For additional information regarding the funding position of the Company’s pension plans, see Item 7.—Management’s Discussion and Analysis of Financial Condition and Results of Operations—Critical AccountingEstimatesPension and Postretirement Obligations and Note 14 to our Consolidated Financial Statements included in this Form 10-K.

Our business is subject to substantial development uncertainties.

Certain of our subsidiaries and affiliates are in various stages of developing and constructing “greenfield” power plants, some but not all of which have signed long-term contracts or made similar arrangements for the sale of electricity. Successful completion depends upon overcoming substantial risks, including, but not limited to, risks relating to failures of siting, financing, construction, permitting, governmental approvals, commissioning delays, or the potential for termination of the power sales contract as a result of a failure to meet certain milestones.
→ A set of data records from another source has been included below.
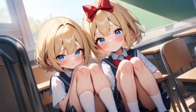 1girl, solo, loli,sitting,sitting on the floor grasping one's knees, spaced_out, on_hill, looking_at_sky, waiting, sky, cloudy_sky, blue_sky, sunrise, sunset, beautiful_detailed_sky, nature, scenery, anime, anime_style, short_hair, blonde_hair, blue_eyes, red_hair_bow, (hair_bow:1.5), side_blunt_bangs, hairs_between_eyes, wind, breeze (wind:1.2), grass, green_grass, flowers, white_flowers, yellow_flowers, trees, green_leaves, mountain, far_mountain, path, dirt_path, closed_mouth, white_dress, short_sleeves, pleated_skirt, bare_arms, bare_shoulders, collarbone, hair_tucked_behind_ear, hair_strand, long_bangs, ahoge, hair_ornament, hairclip, yellow_hairclip, flower_hairclip, outdoors, sun_rays, light_particles, lens_flare (light_particles:1.3), depth_of_field, cinematic_lighting
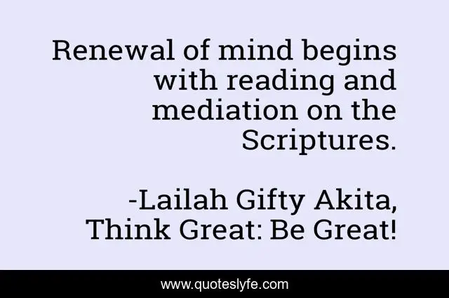 "Lailah Gifty Akita, Think Great: Be Great! Quotes." Quoteslyfe.com, 2025. Sun. 07 Dec. 2025. <https://www.quoteslyfe.com/quote/Renewal-of-mind-begins-with-reading-and-94843>.
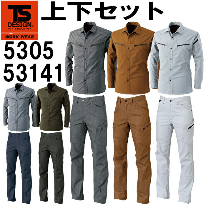 上下セット TS DESIGN(藤和) ロングスリーブシャツ 5305 (M〜LL)&レディースカーゴパンツ 53141 (S〜LL) セット (上下同色) 秋冬用作業服 作業着 ズボン 取寄

Timing of equipment purchases can also pose financial risks to the Company. As part of our development process, we attempt to make purchases of equipment and/or materials as needed. However, from time to time, there may be excess demand for certain types of equipment with substantial delays between the time we place orders and receive delivery. In those instances, to avoid construction delays and costs associated with the inability to own and place such equipment and/or materials into service when needed in the construction process, we may place orders well in advance of deployment. In some cases, we may order such equipment and/or materials without yet having a specific project where the equipment and/or materials will be deployed, in anticipation that equipment and materials will be needed at the time of delivery. However, there is a risk that at the time of delivery, we are required to accept delivery and pay for such equipment and/or materials, even though no project has materialized where these items will be used. This can result in our having to incur material equipment and/or material costs, with no deployment plan at delivery. Financing risk has also increased as a result of the deterioration of the global economy and the crisis in the financial markets and, as a result, we may forgo certain development opportunities. We believe that capitalized costs for projects under development are recoverable; however, there can be no assurance that any individual project will be completed and reach commercial operation. If these development efforts are not successful, we may abandon a project under development and write off the costs incurred in connection with such project. At the time of abandonment, we would expense all capitalized development costs incurred in connection therewith and could incur additional losses associated with any related contingent liabilities.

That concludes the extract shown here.